# Floor enclosure around conduit stub ups



## adonkle (Jun 10, 2014)

I'm working on the renovation of the sound system for local HS stadium. There's 3, 4" conduit and 4, 1" conduit stubs through the floor into the press box, all microphone and loudspeaker wiring. 

We're removing the floor mounted rack and replacing it with a wall mounted swing-out equipment rack attached to the CMU wall (see photo). I'm trying to find the cleanest option to hide the conduit stub-ups from view, and route the existing mic and speaker wiring over to the wall, where we can route it into the new rack. 

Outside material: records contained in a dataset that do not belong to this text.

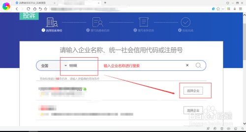 在投诉页面,输入要投诉的企业,按照企业搜刮出门面地址后,在点击选择,详情如下;
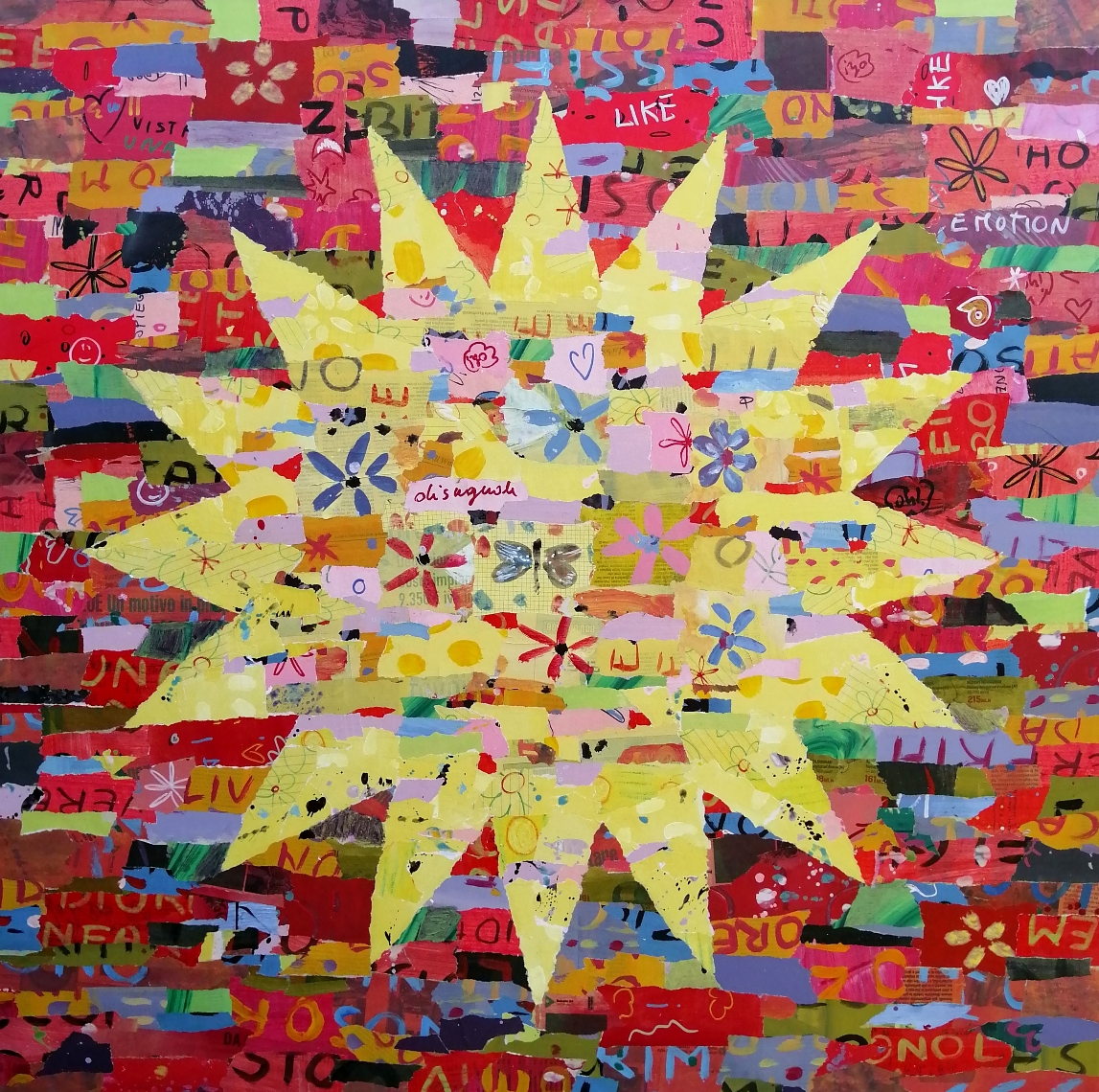 Le sue ultime opere in esposizione, in questa mostra pisana che ho il piacere di ospitare, hanno un chiaro riferimento quindi ai temi più attuali come il Covid (malattia che l'autrice ha vissuto direttamente e che ha coinvolto l'intera umanità), gli emoji, i social, la resilienza, il desiderio di liberta, la musica."
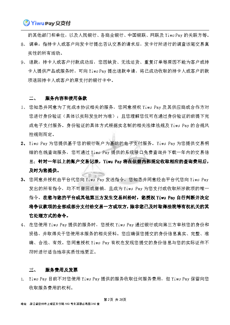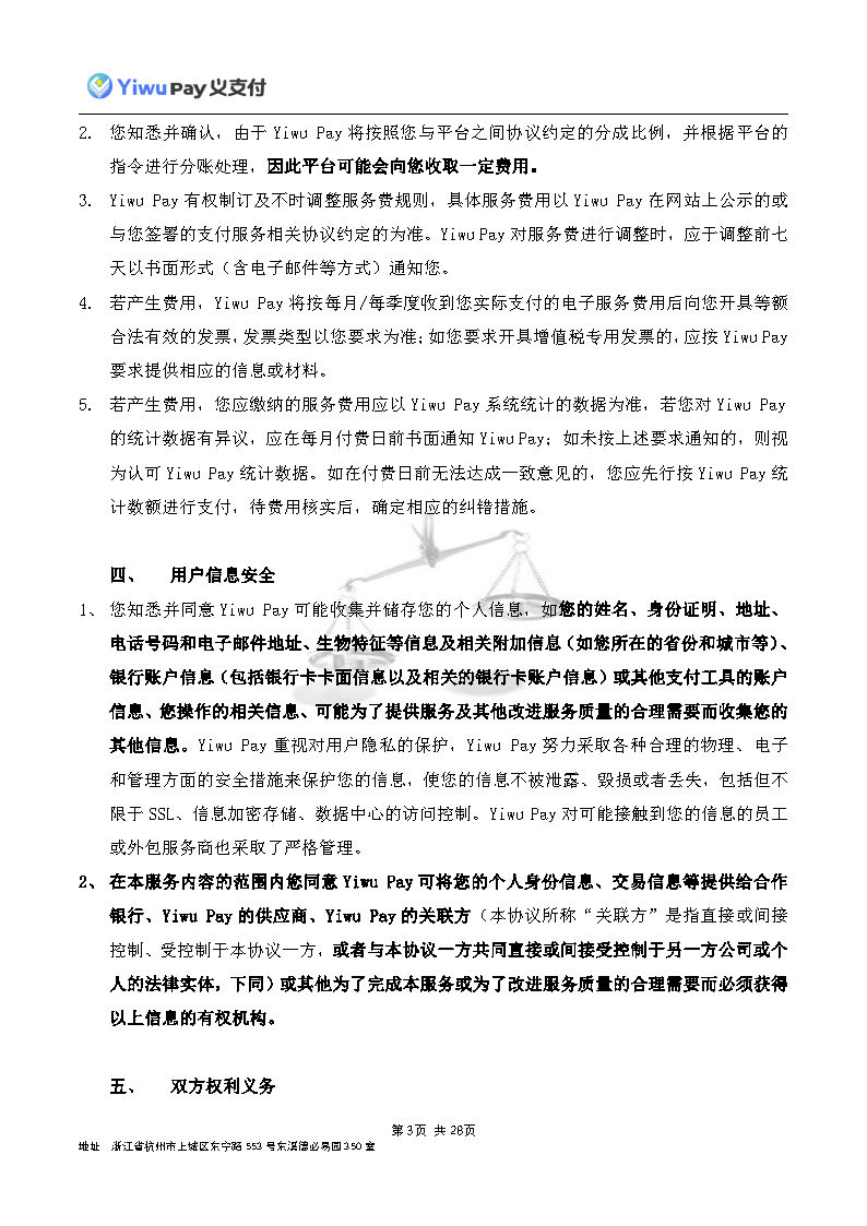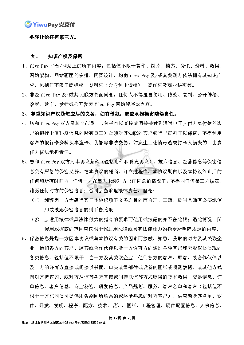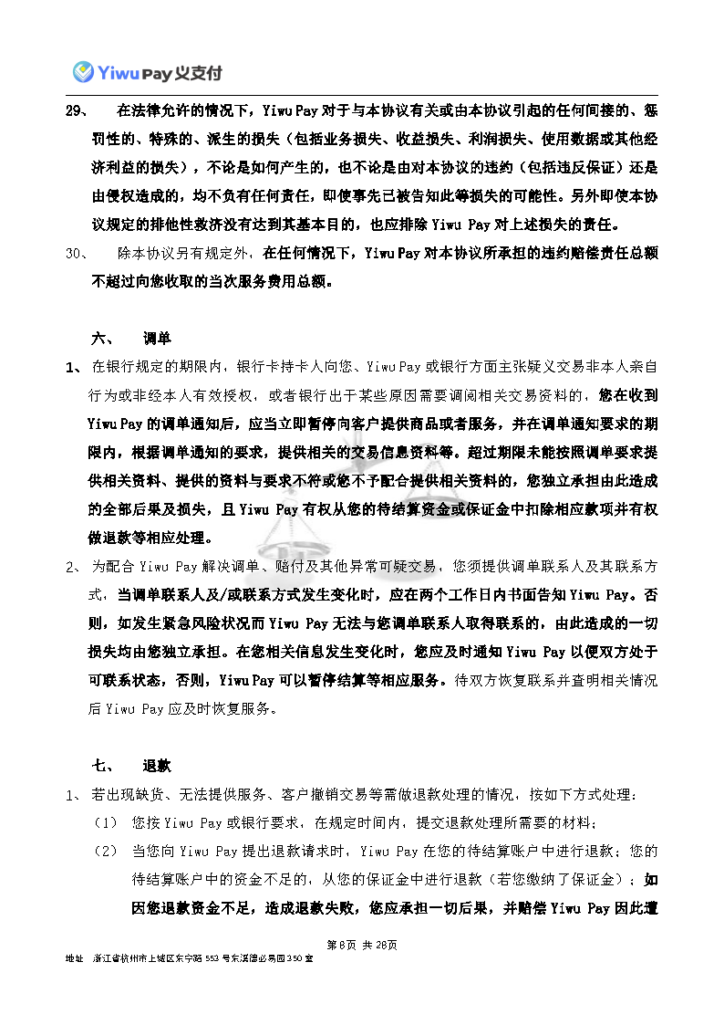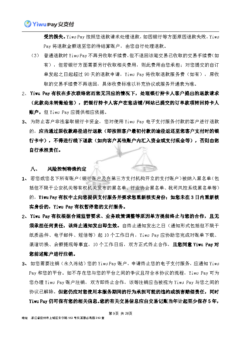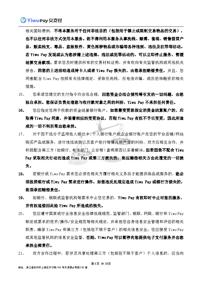 服务,切实保护您的合法权益,现依相关法规之要求,对本公司的《Yiwu Pay商户支付服务协议》内容进行变更。新协议将于公告之日起30日后生效,
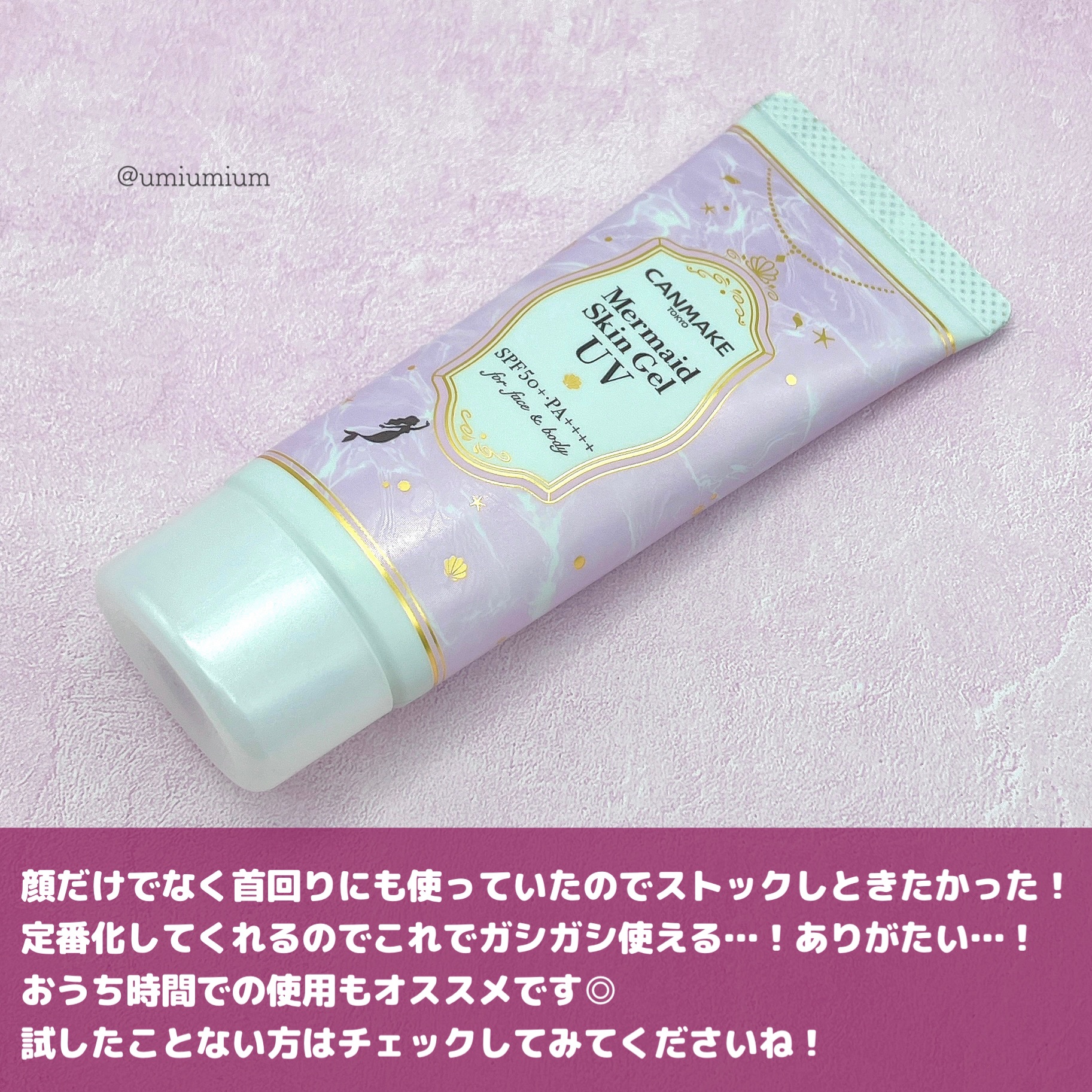 - パシャッと爽快!人魚姫気分♥化粧水感覚で使えるUVジェル 国内最強レベルのUVカット効果で紫外線から肌を守ります。 肌にのばすとパシャッとはじける水感ジェルでみずみずしく軽い仕上がり。 顔だけでなく全身にも使えます。 洗顔後、これ1本でスキンケア・保湿下地・UVカット下地としてご使用いただけます。 ※2~3時間ごとにこまめに塗り直しをしてください。 また、肌をタオル等で拭いた際も塗り直しを推奨いたします。
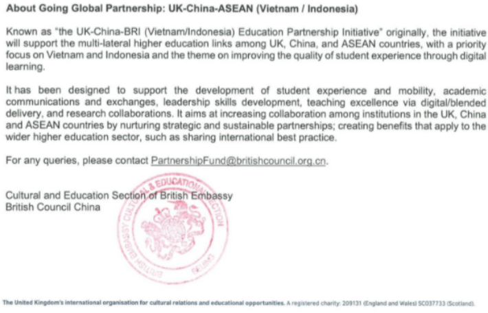 图 2020 UK-China-BRI (Vietnam/Indonesia) Education Partnership Initiative国际联合项目
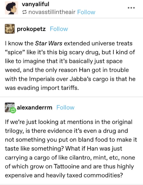 With a lot of additions to the Star Wars universe, and the directive that Star Wars should be okay for kids, there was some internal confusion over what "spice" is or does. That is of course until a certain writer had a hilariously direct conversation with George Lucas. People have made some other very humorous and poignant observations on Star Wars, like how Darth Vader is so extra, or this Star Wars fan calling out people's complaints. And for good measure here's a twitter thread on how different Star Wars characters take their coffee.
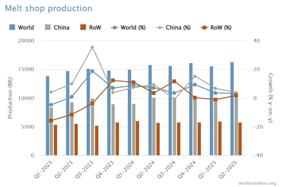 世界不銹鋼協(xié)會發(fā)布的2025年第二季度的數(shù)據(jù)表明,前六個月的不銹鋼粗鋼產(chǎn)量為3190萬噸。
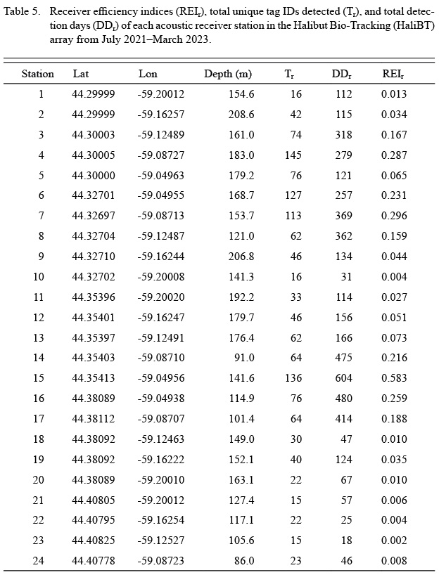 REI values were highest in the eastern side of the array, with station 15 (Lat 44.35413, Long -59.04956; 142 m depth; Fig. 6) having the highest index of 0.583 (Table 5). The high indices in this region likely relate to denser and more resident aggregations of halibut. Stations with REI > 0.2 may be the best candidates for maintaining receivers in future tracking efforts. Most glider detections of halibut occurred in similar locations as the HaliBT receivers with the highest REI values (Fig. 4; Fig. 6). This may indicate that the eastern side of the array supports a local abundance of halibut and not just high REI values resulting from better acoustic transmission conditions than other areas. Although neighbouring receiver stations were only 3 km apart, the REIs of stations immediately surrounding station 15 dropped by half or more, possibly indicating particularly high detection range at station 15. Halibut were detected on the most days at station 15 (604 total detection days, 95% of entire monitoring period), whereas they were detected on the fewest days at station 23 (Lat 44.40825, Long -59.12527; Fig. 6) at 105 m (18 total detection days, 3% of monitoring period, Table 5).

What I've been looking for is essentially a large NEMA enclosure or gutter that's large enough to sit on the floor over the conduit stub ups and extend to the wall, then we can have separate EMT conduits run from the top of the enclosure up to the bottom of the wall-rack. I'm not finding any products for this type of application though, so I'm curious if anyone here may have any suggestions or other ideas?


----------



## Southeast Power (Jan 18, 2009)

When it's all done, it's going to take up just as much room as the rack did.
Maybe a renovation dictated that the change be made but,
Off the shelf, I can only think of using one 12"X 12" X 18" or 24"' whatever you can get away with and cutting out the side opposite of the cover, placing it over the stub-ups, and then cutting out the side facing the wall.
Put a matching gutter between the one over the pipes and the wall with the cover facing up and the side cut out facing the gutter over the pipes.
knock out the cover for the conduits going up to the new rack and permanently install the cover.

With this setup, you can access the stub ups by removing the cover and can easily fish the cables through the gutter, a few inches into the next gutter and up through the new pipe and racks.

I know these are items you can get off the shelf, otherwise I would have a, L shaped custom aluminum diamond plate piece made that would cover the stubs, extend to the wall and high enough for the rack to sit on and have a leather upholstered team logo embroidered cushion made for the horizontal section and a matching seat back.
Because, you know, that old rack took up way too much space.


----------



## splatz (May 23, 2015)

This isn't going to hide the conduit but if you just ran ladder rack up and over with one of these to make the bend










it would be very functional, remove the trip hazard, and you'll save a lot of time and money.


----------